For worker nodes, scp the munge.key from master node and set the correct ownership and permission

$ scp -p /etc/munge/munge.key hostXXX:/etc/munge/munge.key

Set ownership and permission to following directories

$ chown -R munge: /etc/munge/ /var/log/munge/
$ chmod 0700 /etc/munge/ /var/log/munge/

Start and enable MUNGE daemon at boot time

$ systemctl enable munge
$ systemctl start  munge

Increase number of MUNGE threads on master node (Optional by recommended on busy server)

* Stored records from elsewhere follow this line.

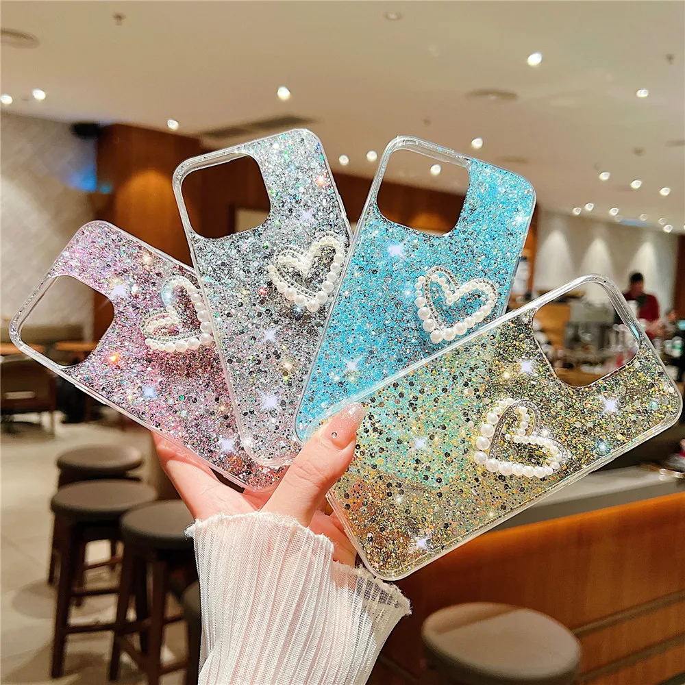 Comprar Funda de teléfono de lentejuelas con purpurina de corazón de amor de perlas 3D de lujo para Samsung A05S, A25, A35, A55, A14, A24, A34, A54, A13, A23, A33, A22, A32, A52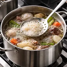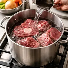 When the water starts to boil, foam (scum) will appear on the surface. Use a slotted spoon or a sieve to regularly (every few minutes for the first 10–15 minutes) collect the foam and impurities until the broth is clearer.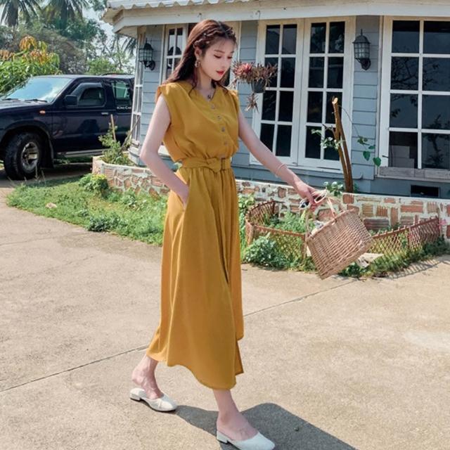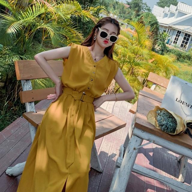 - 附腰帶連身長裙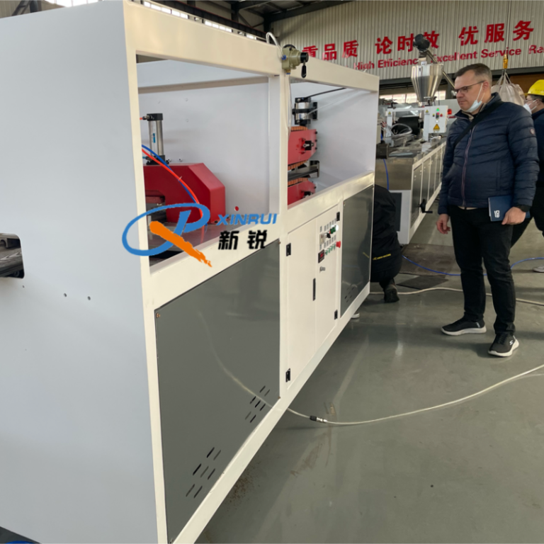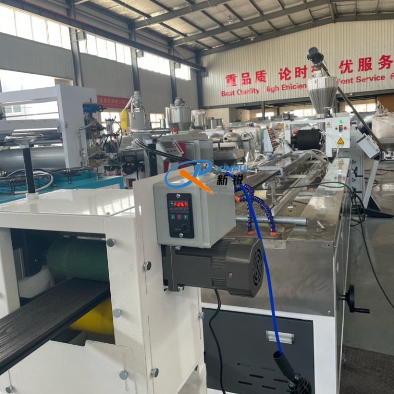 --Машина для изготовления полов из ДПК в основном состоит из шнекового питателя, конического двухшнекового экструдера, пресс-форм, вакуумного установочного стола, станка для резки, штабелера.

$ cp /usr/lib/systemd/system/munge.service /etc/systemd/system/munge.service
$ vim /etc/systemd/system/munge.service
Edit this line >> ExecStart=/usr/sbin/munged --num-threads 10
Reload daemon and restart munge
$ systemctl daemon-reload
$ systemctl restart munge

Install Slurm

Although slurm is available on epel. It is better to build from RPMs to ensure we have the latest update.

This still shows you how to set up slurm with accounting (slurmdbd using MySQL as database). Accounting is optional and can be skipped, but it is useful for keeping records of job and managing resources.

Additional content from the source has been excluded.